As with most development things I think this falls into the "too difficult to handle, too easy to break" category. There's no way we can fully prevent ridiculous inputs from causing further issues and I think the best we can do in that situation is user education instead of trying to handle this in the program itself

Does "user education" imply that any string ending in a segment of square brackets must be an instance of this new range aspect? So node[login]example would be a valid (albeit strange) node formatting, whereas node[login] would prompt the user to correct their invalid range formatting?

I think we continue with genders-style instead of regex.

I don't like the restriction of strings ending in square brackets as it's a bit too restrictive (as I mentioned earlier). Plus it's far more likely for there to be some sort of numerical range in the middle of some hostname formatting instead of square brackets in hostnames.

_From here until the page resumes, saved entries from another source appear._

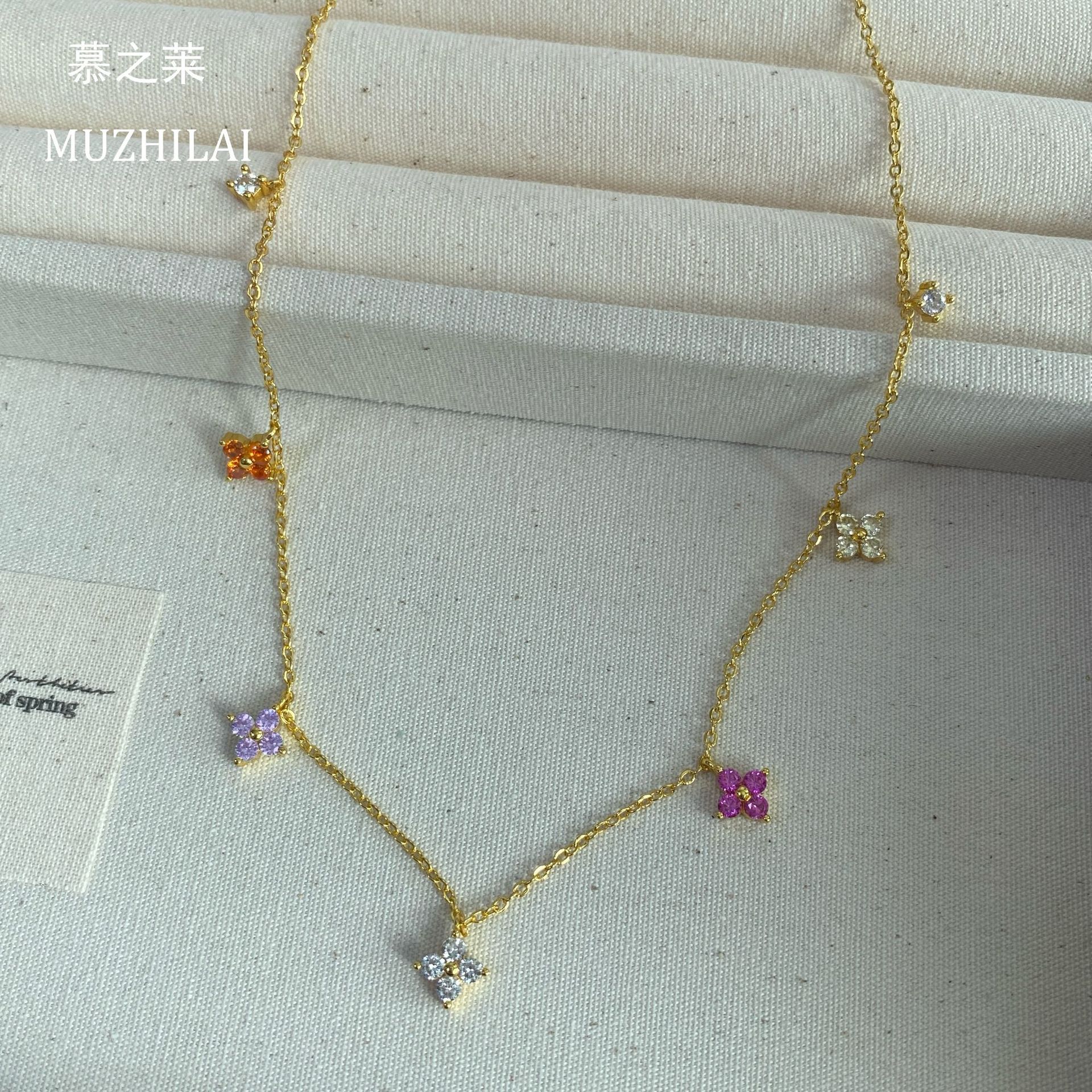 Colorful Dopamine Four-Leaf Clover Zircon Necklace Women's Accessible Luxury Niche High-End Clavicle Chain Exquisite Versatile Accessories
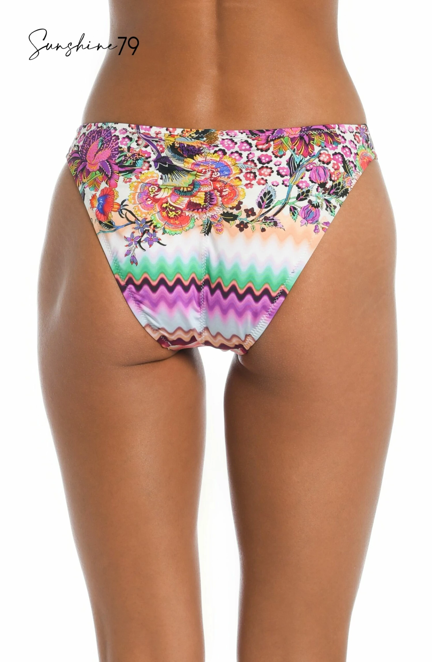These festival-ready bikini bottoms by Sunshine 79 are the life of the party with a popping floral print and playful zigzagging stripes. Universally flattering, the defining factor on these French-cut beauties is a high-rise, hip-revealing silhouette that creates the illusion of longer legs. Contemporary coverage in back keeps the look sophisticated.
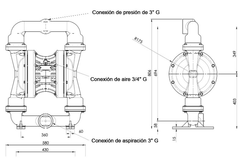 Conexión de presión y aspiración | G 3" |
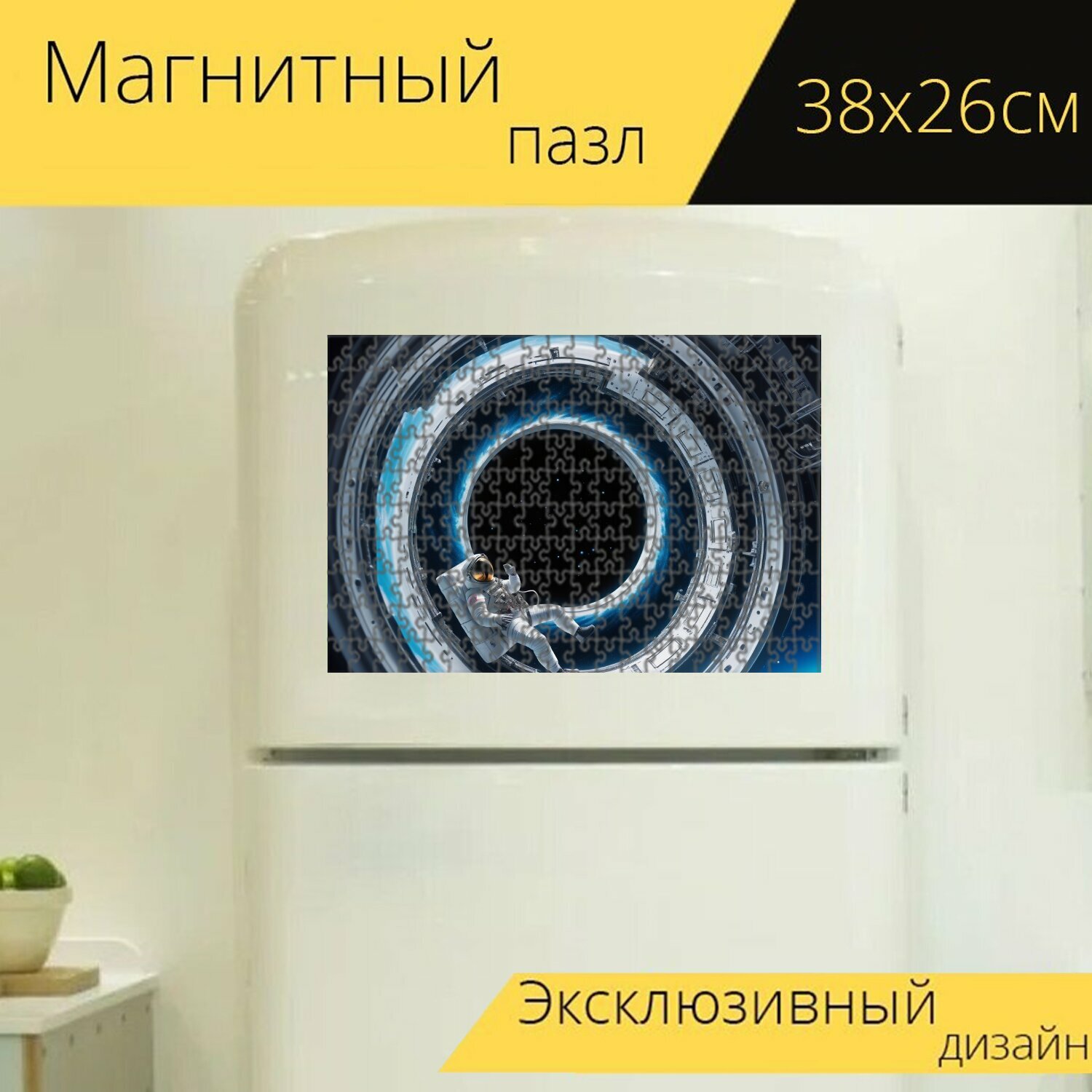 Магнитный пазл "Путешествие космонавтов через червоточину" для интерьера, 38х26 см. интересное:
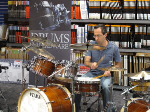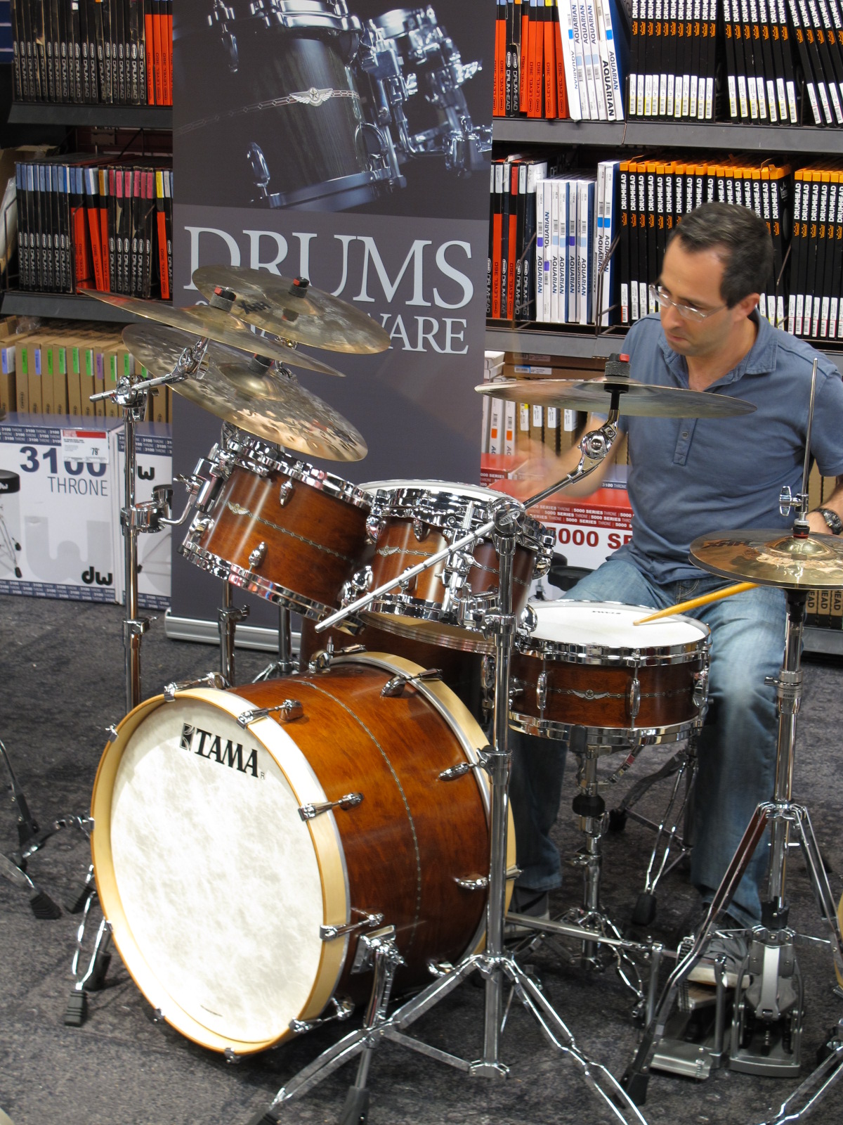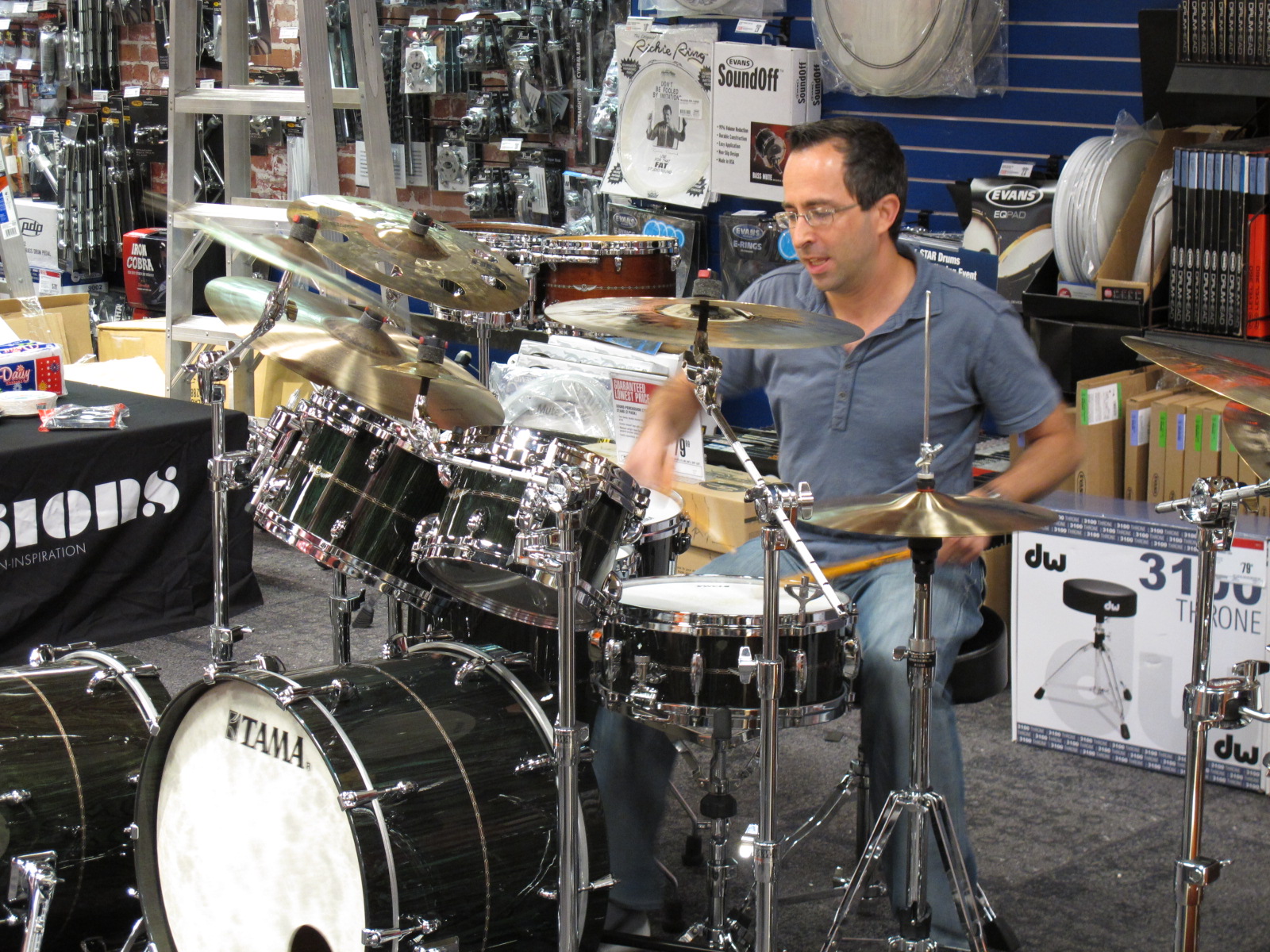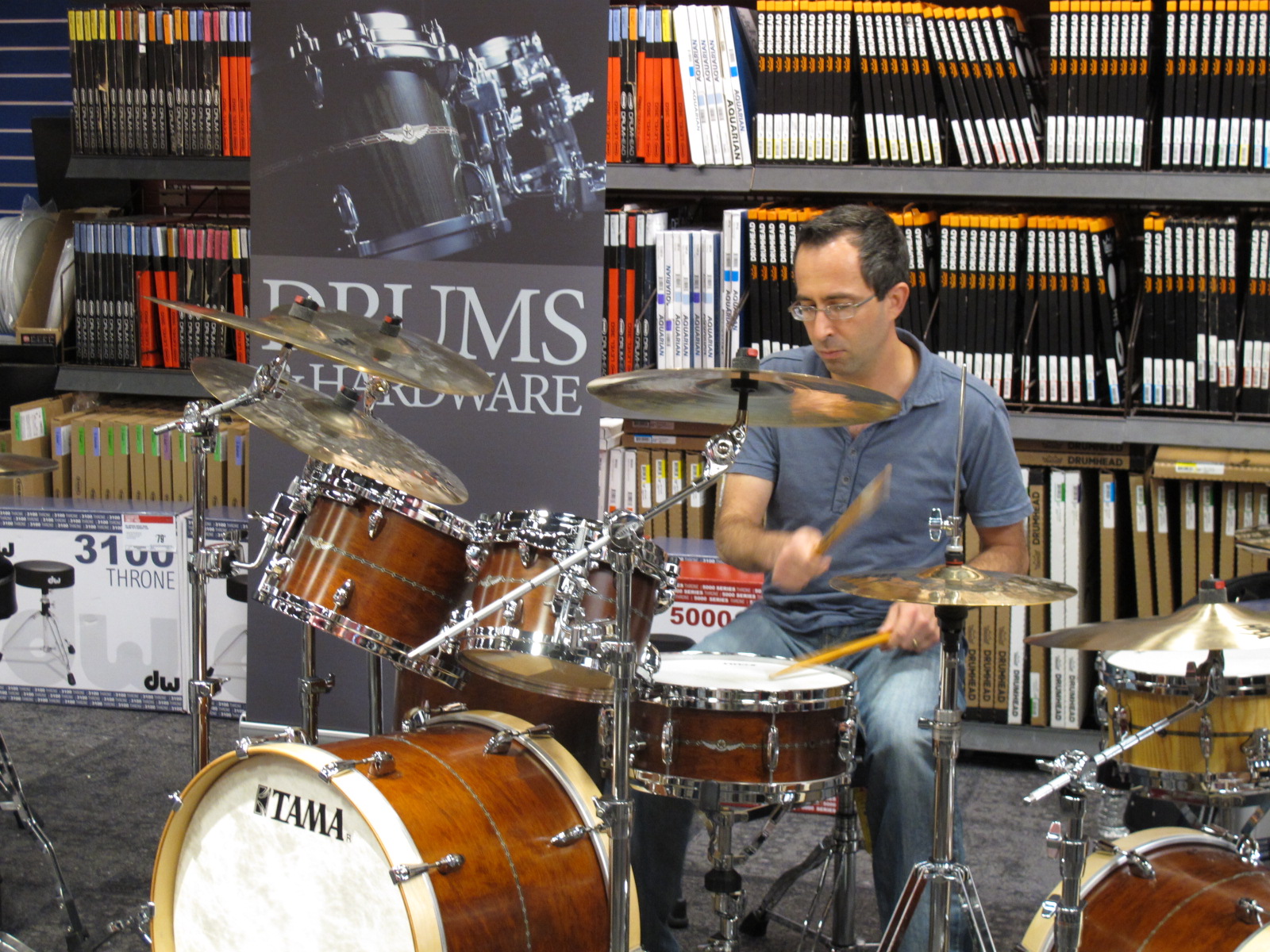 Joe performed at 4 events staged by Tama Drums to roll out their new high-end Star Drums. Held at 4 Guitar Center locations in the Northeast (Plymouth Meeting, PA; East Brunswick, NJ; New York City; and Springfield, NJ) these events were held in the form of loose clinics where Joe played both the maple and bubinga Star kits and then allowed attendees to try the drums. Tama Drums’ Terry Bissette spoke about the features and craftsmanship that go into these amazing drums. Everyone who attended the events was blown away by the rich, resonant, clear, and musical sound of these kits.
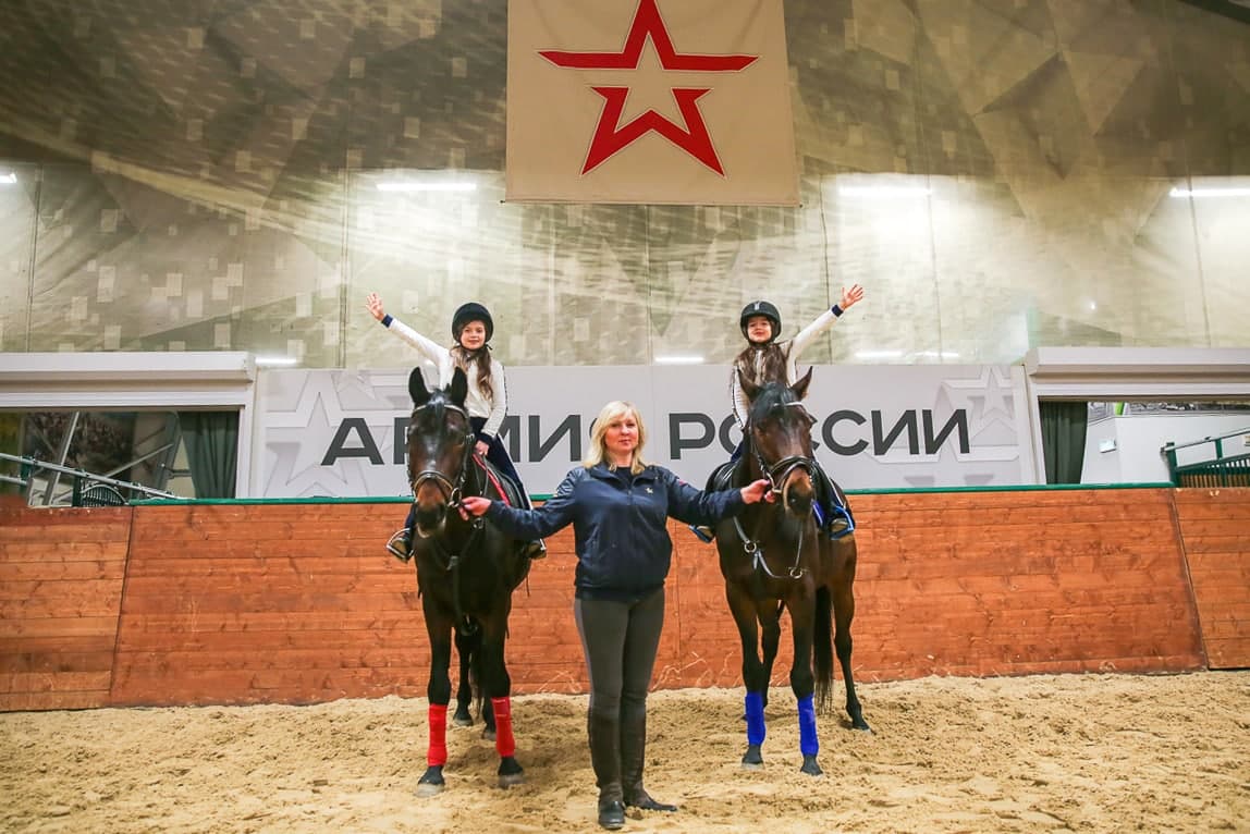 На территории парка «Патриот» рядом с военно-историческим комплексом «Партизанская деревня» расположен конно-спортивный кластер. Здесь все желающие могут покататься на старинном фаэтоне, на лошадях в открытых и закрытых манежах, площади которых составляют 1 231 кв. метров и 850 кв. метров соответственно. Занятия проводят опытные тренеры, которые сначала проведут инструктаж по технике безопасности. Кроме занятий по верховой езде посетители могут увидеть выступления знаменитого конного театра «Каскадёр», который по праву считается одним из лучших видов российского циркового искусства.
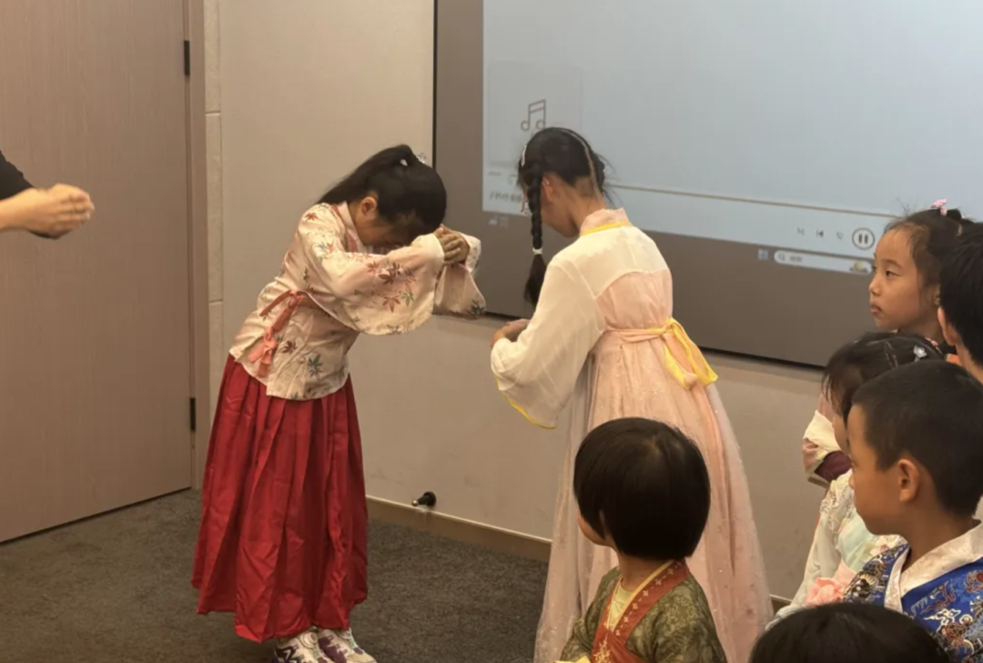 穿上汉服,亲身体验一把当古人的感觉怎么样?在天龙党群服务中心·邻里汇,小朋友们参与了一场新雅乐吟唱活动。在老师的悉心指导下,小朋友们通过反复练习和体会,掌握了诗歌《子衿》的旋律和节奏,感受诗歌中蕴含的深厚情感。随后,老师带领小朋友们学习了古人的行礼方式,大家身着华丽的汉服,举手投足间尽显优雅,不仅动作标准,还十分投入,对传统文化的尊重和热爱之情溢于言表。
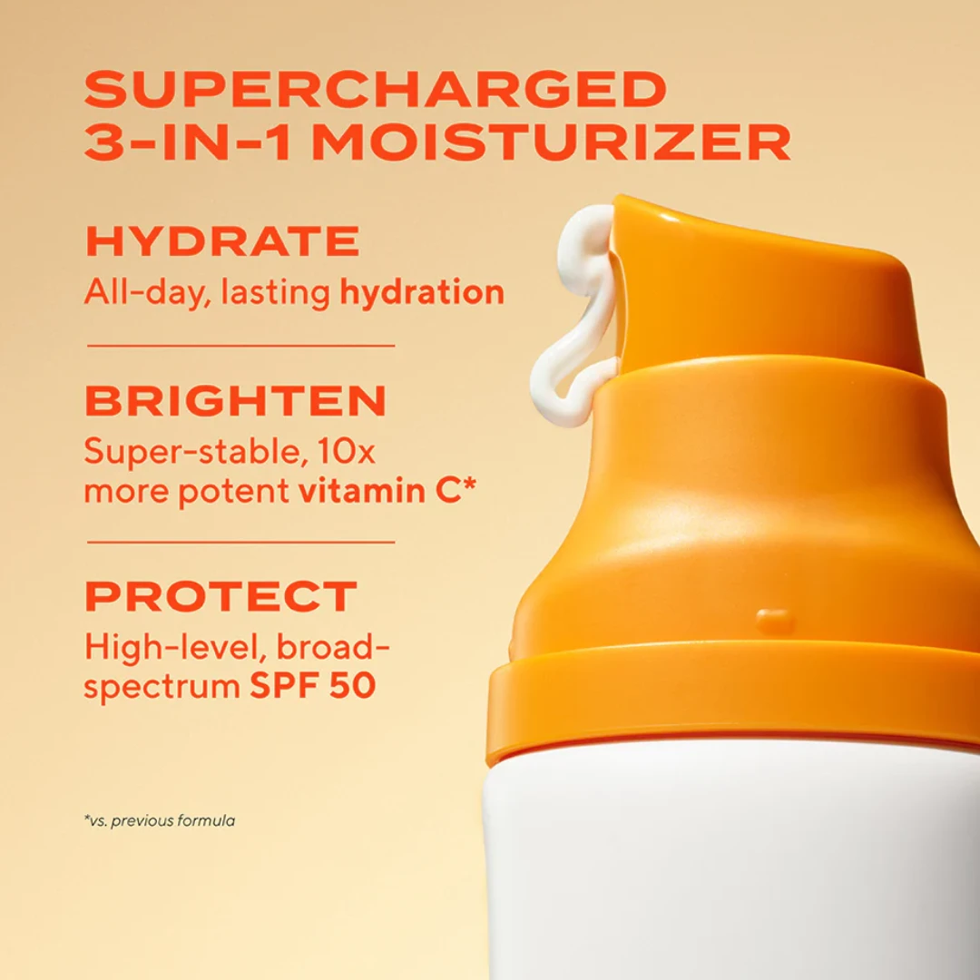 This 3-in-1 multitasking moisturizer delivers all-day, glowy hydration supercharged with 10x more vitamin C* plus high SPF 50 sun protection to visibly brighten after 1 use

[root@jupyter1 (jup1) ~]# cat /tmp/test
node[01-04]rack1
[root@jupyter1 (jup1) ~]# nodeattr --expand -f /tmp/test
node01rack1
node02rack1
node03rack1
node04rack1

I think it's generally appreciated that alphanumeric names (along with maybe dashes or underscores) are used in Linux. Trying to handle edge-cases of hostnames is outside of scope. If a user were to put . in their hostname it would probably cause all sorts of DNS issues... DNS systems don't warn about it, users/admins should just not do it!

Resolved in #67.